The French feminist Simone de Beauvoir put the constructionist view in its most radical form when she declared that "one is not born, but becomes a woman".

The major problem for the constructionist view is that modern science is begining to map significant differences in the male and female brain. It is going to become increasingly difficult to uphold the view that culture alone is responsible for generating differences in behaviour between men and women.

So how does a modern liberal cope with the new trends within science? Lakshmi Chaudry gives some ground, but not much. She still firmly rejects the more conservative "essentialist" view:

In recent years, various pundits have used this so-called "fiction gap" as an opportunity to trot out their pet theories on what makes men and women tick. The most recent is New York Times columnist David Brooks, who jumped at the chance to peddle his special brand of gender essentialism. His June 11 column arbitrarily divided all books into neat boy/girl categories - "In the men's sections of the bookstore, there are books describing masterly men conquering evil. In the women's sections there are novels about .. well, I guess feelings and stuff." ...

Brooks' real agenda, however, is ... to promote the latest conservative talking point: blaming politically correct liberals for a "feminized" school curriculum ... "It could be, in short, that biological factors influence reading tastes, even after accounting for culture," Brooks claims, "The problem is that even after the recent flurry of attention about why boys are falling behind, there is still intense social pressure not to talk about biological differences between boys and girls."

So, when David Brooks raises the idea that there might be biological differences between boys and girls influencing reading habits he is described negatively as a conservative peddler of gender essentialism.

However, Lakshmi Chaudry does make a small concession to the newer science.
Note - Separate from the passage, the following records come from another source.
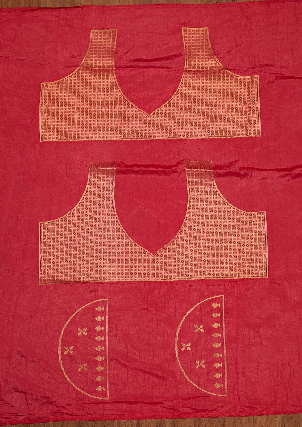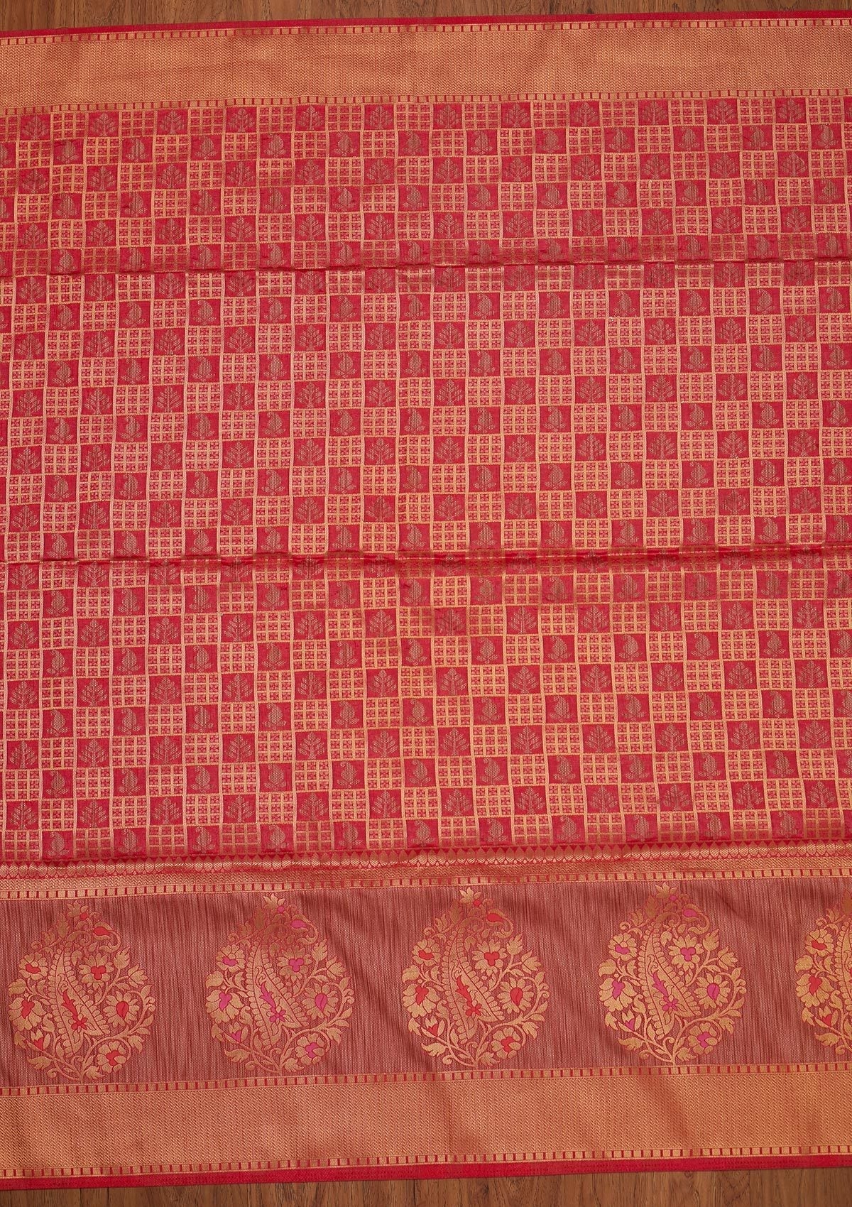 Pink Saree In Raw Silk. The Saree Is Embellished With Subtle Embroidery. Paired With A Matching Unstitched Blouse. Comes With The Koskii Promise Of Superior Quality.
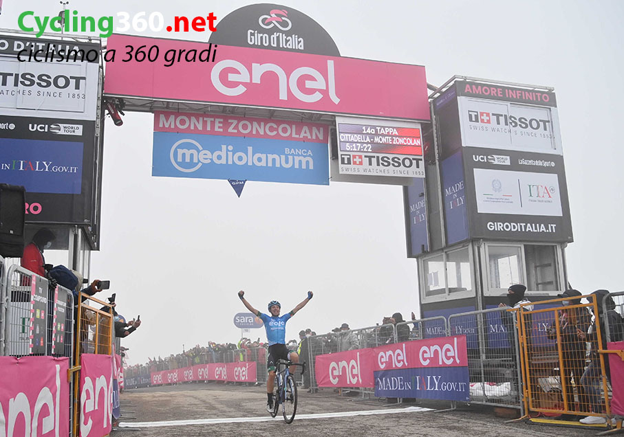 Monte Zoncolan, 22 maggio 2021 – Lorenzo Fortunato (Eolo-Kometa Cycling Team) ha vinto la tappa 14 del centoquattresimo Giro d’Italia, la Cittadella – Monte Zoncolan, di 205 km. Al secondo e terzo posto si sono classificati rispettivamente Jan Tratnik (Bahrain Victorious) e Alessandro Covi.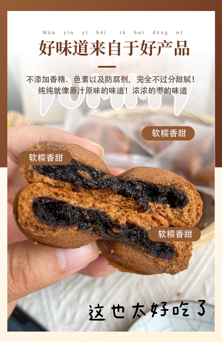又挖到了好吃的红枣小零食啦!非遗手作,有满满的枣馅,金丝小枣添加量大于58%,鸡蛋含量也有21%,入口枣香浓郁,微甜不腻,爱枣星人不要错过!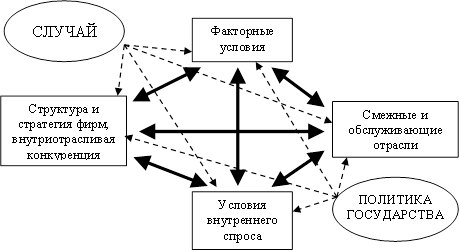 Для того чтобы получить и удержать конкурентные преимущества в передо­вых отраслях экономики, необходимо иметь преимущества во всех составляющих «ромба». Преимущества по каждому детерминанту в отдельности не есть посыл­ка для конкурентоспособности данной отрасли, поскольку конкурентам из зару­бежных стран значительно проще ликвидировать или скопировать такое преиму­щество. И только комплекс свойств страны определяет ее глобальное лидерство как конкурентоспособной державы мирового класса. Национальные конкурент­ные преимущества возникают только тогда, когда уникальным является весь «ромб», его в таком случае невозможно продублировать другим странам.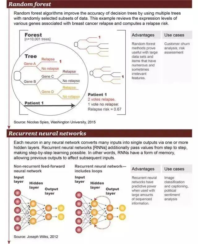 6. 随机森林(Random forest):随机森林算法通过使用多个带有随机选取的数据子集的树(tree)改善了决策树的精确性。本例在基因表达层面上考察了大量与乳腺癌复发相关的基因,并计算出复发风险。- 优点:随机森林方法被证明对大规模数据集和存在大量且有时不相关特征的项(item)来说很有用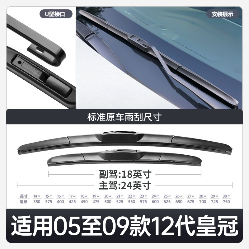 适用丰田12代皇冠雨刮器十二代07款 汽车胶条无骨雨刷 09老原厂原装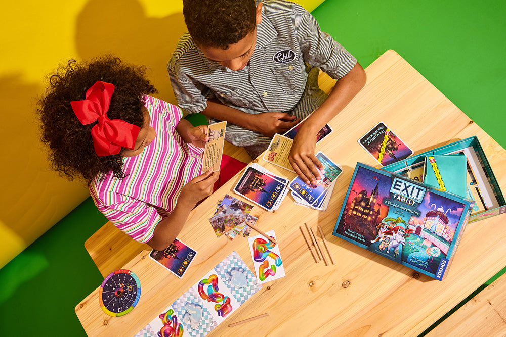 Gather your family for two fun, cooperative escape room games featuring five brave superhero animals. Think outside the box as you work together to solve riddles, decipher puzzles, uncover clues, and unlock doors. In the first adventure, work together to solve the mystery of the missing animals at Meanstone Manor! Then take your puzzle-solving powers to Candy Castle to uncover the secret behind sickening sweets. Each escape adventure takes approximately 45-75 minutes to solve, and can only be played once. For 2-4 players.
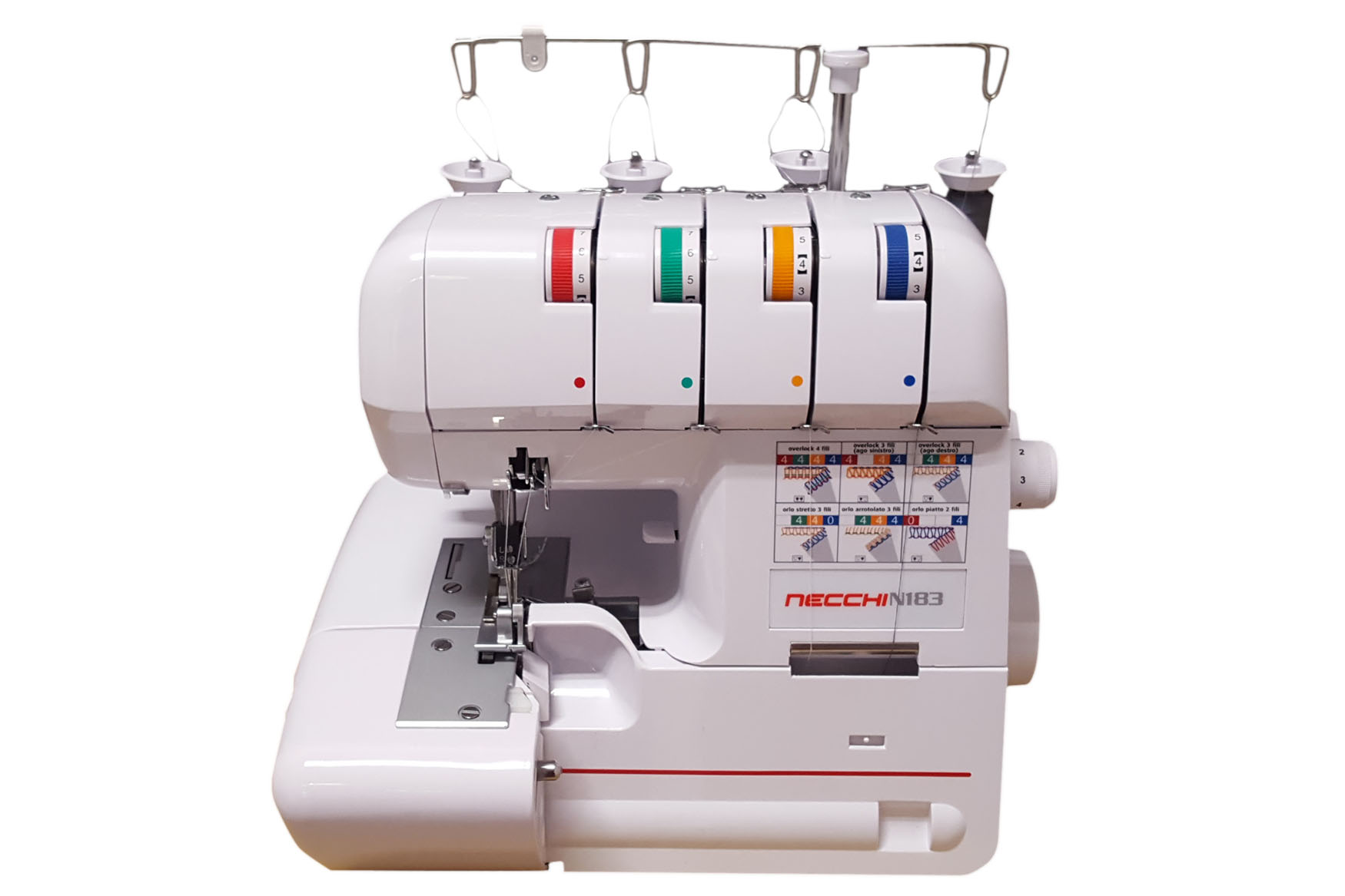 Necchi N183 è la collaboratrice più dinamica ed energica della vostra macchina per cucire: taglia, rifila, esegue orli arrotolati e rifiniture degne di un’abile professionista!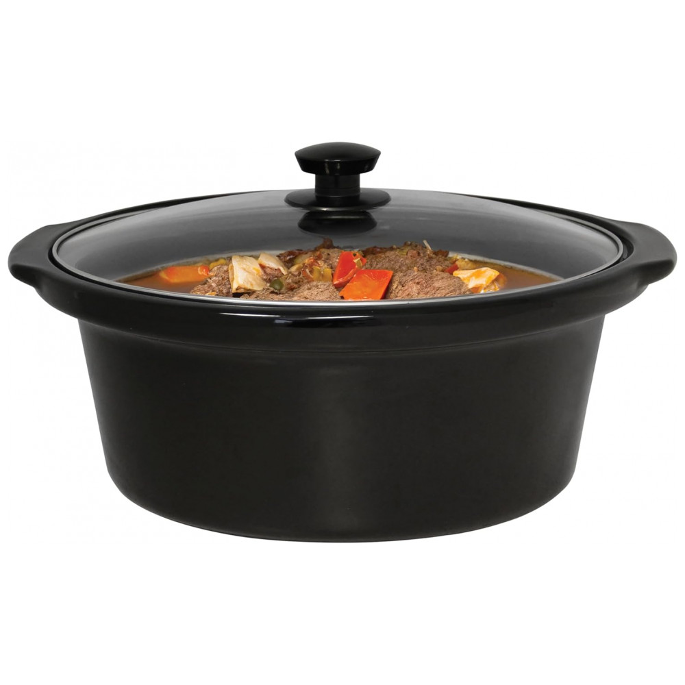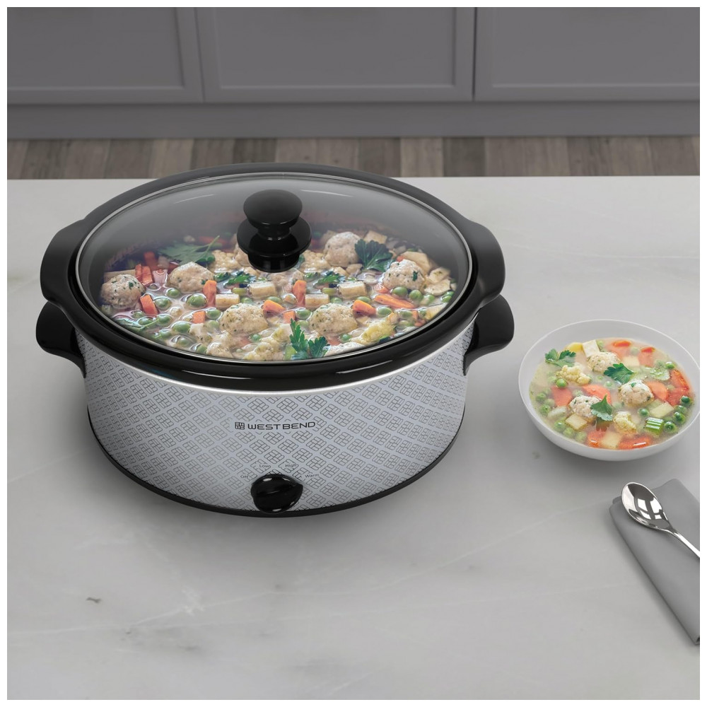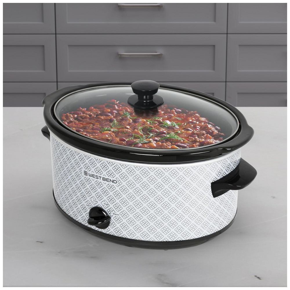 A panela elétrica de cozimento lento West Bend com capacidade de 6 litros foi desenvolvida para preparo de refeições em baixa temperatura em uso residencial, atendendo porções para cerca de sete ou mais pessoas. A cuba interna em cerâmica oval removível acomoda cortes de carne, sopas e ensopados, enquanto a tampa em vidro temperado permite visualizar o cozimento sem necessidade de abrir o equipamento com frequência.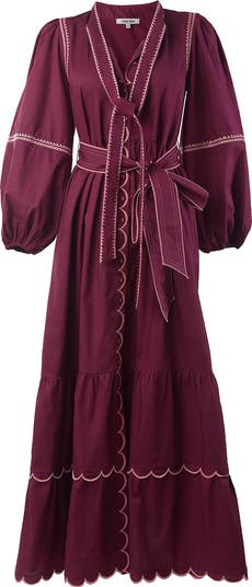High-contrast embroidery, billowing sleeves and dual ties add charming detail to a maxi dress cut from pure, breathable cotton.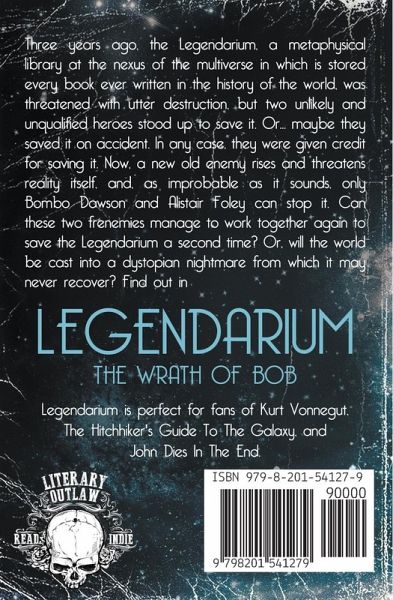 Three years ago, the Legendarium, a metaphysical library at the nexus of the multiverse in which is stored every book ever written in the history of the world, was threatened with utter destruction, but two unlikely and unqualified heroes stood up to save it. Or… maybe they saved it on accident. In any case, they were given credit for saving it. Now, a new old enemy rises and threatens reality itself, and, as improbable as it sounds, only Bombo Dawson and Alistair Foley can stop it. Can these two frenemies manage to work together again to save the Legendarium a second time? Or, will the world be cast into a dystopian nightmare from which it may never recover? Find out in Legendarium: The Wrath of Bob Perfect for fans of Kurt Vonnegut, The Hitchhiker's Guide To The Galaxy, and John Dies In The End.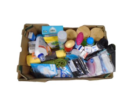 A box of cleaning products, bin bags, face masks, tissues, kitchen storage jars etc

She accepts some cognitive research cited by Lisa Zunshine as it attributes only a "small difference" in reading habits to biological difference. This allows Lakshmi Chaudry to claim that this small biologically based difference is then greatly increased in extent by culture:

But in a culture infused with polarizing messages about gender, such small differences can be magnified into vast disparities.

So the social constructionist explanation still dominates, in spite of Lakshmi Chaudry's small step forward.

Finally, I should point out that conservatives don't deny that culture has an influence in shaping gender difference. We do, though, take the idea of an essential masculinity and femininity, hardwired into our natures, much more seriously than liberals. We don't view such gender qualities negatively as potential impediments to our individual will, but as important parts of our self-identity and as an aspect of the "good" in human life.